H-type bovine spongiform encephalopathy (BSE) has been identified in aged cattle in Europe and North America. To determine the localization of disease-associated prion protein (PrPSc) in the peripheral nerve tissues of cattle affected with H-type BSE, we employed highly sensitive immunohistochemical and immunofluorescence techniques with the tyramide signal amplification (TSA) system. PrPSc deposition was detected in the inferior ganglia, sympathetic nerve trunk, vagus nerve, spinal nerves, cauda equina, and adrenal medulla, using this system. Notably, granular PrPSc deposits were present mainly in the Schwann cells and fibroblastlike cells and occasionally along certain nerve fibers at the surface of the axons. In the adrenal gland, PrPSc immunolabeling was observed within the sympathetic nerve fibers and nerve endings in the adrenal medulla. Although our results were limited to only 3 experimental cases, these results suggest that the TSA system, a highly sensitive immunohistochemical procedure, may help in elucidating the peripheral pathogenesis of H-type BSE.



Keywords



atypical bovine spongiform encephalopathy, H-type, prion, tyramide amplification, peripheral nervous system



snip...




Neuropil, but not neuronal, vacuolation was obvious in all brain areas, especially in the nuclei of the thalamus and brainstem. Immunolabeled PrPSc was widely distributed throughout the brain and spinal cord (Fig. 1). Eight patterns of PrPSc immunolabeling including intraneuronal, perineuronal, intraglial, linear, fine particulate, coarse granular, stellate, and plaques were identified in the brain. The most conspicuous pattern of PrPSc was that of fine particulate and coarse granular deposits in the cerebral and cerebellar cortices and the nuclei of the thalamus, brainstem, and cerebellum. Stellate-type PrPSc deposition was detected in the cerebral and cerebellar cortices, basal ganglia, thalamus, hypothalamus, and hippocampus.

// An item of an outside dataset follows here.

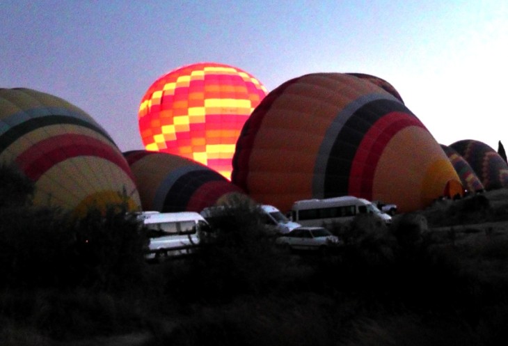 В 5.30 утра нас, тех, кто пожелал полетать на воздушных шарах, забрали из отеля и повезли к месту старта. Очень интересно было наблюдать еще в темноте на фоне чуть светлеющего неба, как горячим воздухом надуваются огромные купола шаров.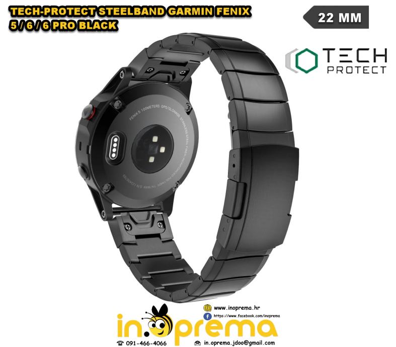 BOJA: CRNA TECH-PROTECT STEELBAND GARMIN FENIX 5/6/6 PRO BLACK SIRINA REMENA 22 MM

Intraglial-type PrPSc deposition was conspicuous throughout the white matter of the brain and spinal cord. Spherical PrPSc plaques were sparsely located in the thalamus, basal ganglia, midbrain, pons, deeper layers of the cerebral cortices, and subcortical white matter. Immunolabeled PrPSc was observed in the retina, neurohypophysis, and optic nerve. In the trigeminal and dorsal root ganglia, PrPSc was mainly found accumulated in both ganglionic and satellite cells, using the conventional polymer immunodetection method as described previously.9 In addition to the extracerebral tissues described above, positive PrPSc immunolabeling was detected in the adrenal gland, cauda equina, cervical spinal nerves, facial nerve, hypoglossal nerve, vagus nerve, sciatic nerve, and ganglia, such as the inferior ganglion of the vagus nerve, superior cervical ganglion, stellate ganglion, ganglia of the sympathetic trunk, and celiac and mesenteric ganglion complex, with the use of the TSA-biotin system. In these ganglia, not all neurons of ganglia exhibited intracytoplasmic labeling, but labeling was evident in the Schwann cells or fibroblast-like cells (Figs. 2, 3). In the cauda equina, dorsal roots of the cervical spinal nerves, facial nerve, hypoglossal nerve, vagus nerve, and sciatic nerve, granular PrPSc aggregate was mainly located in Schwann cells. In the adrenal gland, the PrPSc signal was evident at the intercellular fine processes of the nerve endings between the chromaffin cells of the adrenal medulla (Fig. 4). Immunolabeled PrPSc was not detected in the enteric nervous system such as the myenteric and submucosal plexi of the digestive tract. No specific immunolabeling was detectable in the lymphoid tissues with the TSA-biotin system.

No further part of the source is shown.